Libya oil purchases: talks at initial phase but Libya showing good will

Talks on oil and gas purchases from Libya at favourable rates are at an early stage, but Libya is showing good will, Finance Minister Tonio Fenech told The Sunday Times.

Mr Fenech was contacted after the Libya Herald reported he held meetings with the Libyan Undersecretary at the Ministry of Oil and Gas, Umar Shakmak, and the chairman of the National Oil Corporation.

A cautious Mr Fenech emphasised that discussions were still in their early stages, but the Libyan transitional government was showing strong signs of goodwill to strike a deal.

The meetings come amid a 12 per cent spike in oil prices to reach $124 a barrel, primarily as a result of rising tensions between the West and Iran.

“The huge volatility in the markets is pushing prices up and putting immense pressure on industry and households. We have to look at alternatives which can give us price stability to maintain a sound economy. For us, it’s the number one concern,” Mr Fenech said.

Discussions with Libya so far have concentrated on the possibility of obtaining more stability on oil prices, even if they are regulated to a large extent by OPEC.

“We’ve been in talks with Libya for years, but during the Gaddafi regime it was mostly talk and no action. This time there seems to be a genuine willingness to help, maybe because Libya really acknowledges the help we gave (during the crisis),” the minister said.

According to the NTC website, Shakmak suggested during the joint meeting that a Maltese technical team be appointed to discuss the matter with specialists from the National Oil Corporation.

Malta will be studying the compatibility and quality of the oil which could be provided by Libya as well as the cost of refining it, Mr Fenech said.
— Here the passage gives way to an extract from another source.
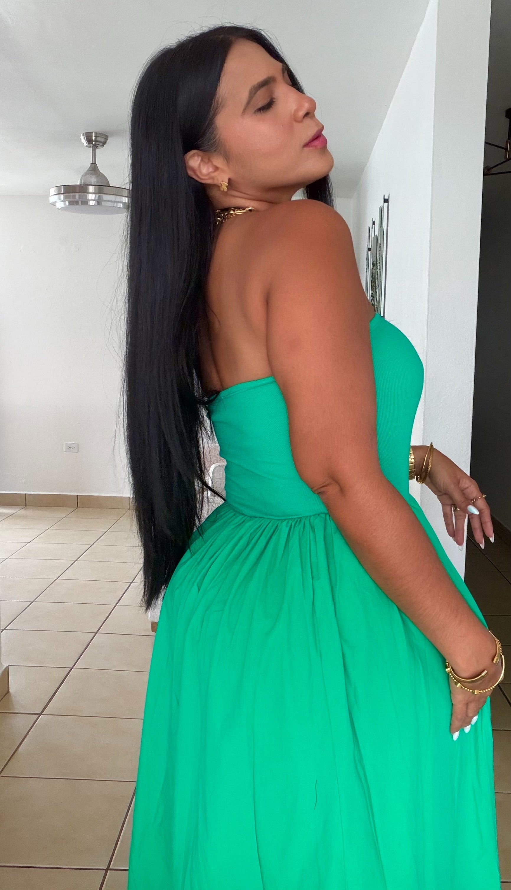 Stunning Green Tube Spandex Midi Dress (demasiado bello!!) tiene bolsillos. No zipper ni botones

The government currently buys its oil from different sources every two months with only 20 per cent of it hedged at $99 a barrel.

Amid constant laments about electricity and fuel prices, Mr Fenech insisted the government was absorbing some 30 to 40 per cent of the additional cost of the current electricity tariffs.

“It would be an economic catastrophe if we charged consumers for the actual price of oil. We are waiting and hoping that the Iran situation calms down so we can hedge at a favourable price,” he said.

The government was “seriously looking” at using gas alternatives but the investment to set up the necessary infrastructure was massive, Mr Fenech said.

The cost of building a pipeline to Europe would only be viable if the EU offered to part-finance it. This is being discussed in thecontext of the post 2013 EU financial perspectives currently being negotiated.

The other alternative would be to build a gas terminal, but Mr Fenech said its size would practically eclipse Delimara. A third option would be to ship the gas, which is roughly estimated to cost as much as building a gas pipeline.

“In any case, a gas pipeline cannot be made available within at least three years, requiring also a source of gas that is secured, and that is the aim of such discussions,” said Mr Fenech, rejecting the Labour Party’s claims that Malta should immediately switch to gas.

While pointing out that the extension to the power station could run on gas in future, Mr Fenech called on critics to realise the need for an intermediary solution until the gas structure is built.

“Do we leave the island without power in the meantime?” he said.

Meanwhile, the Labour Party yesterday lambasted the gas price hike announced by Liquigas – a private company – on Thursday, saying it showed the way the government was ignoring the middle class and failed to protect the weak.

A 12kg gas cylinder now sells at €19.70, up from the €18 increase announced in January, which according to Liquigas is the result of an increase in the price of butane and the strength of the dollar against the euro.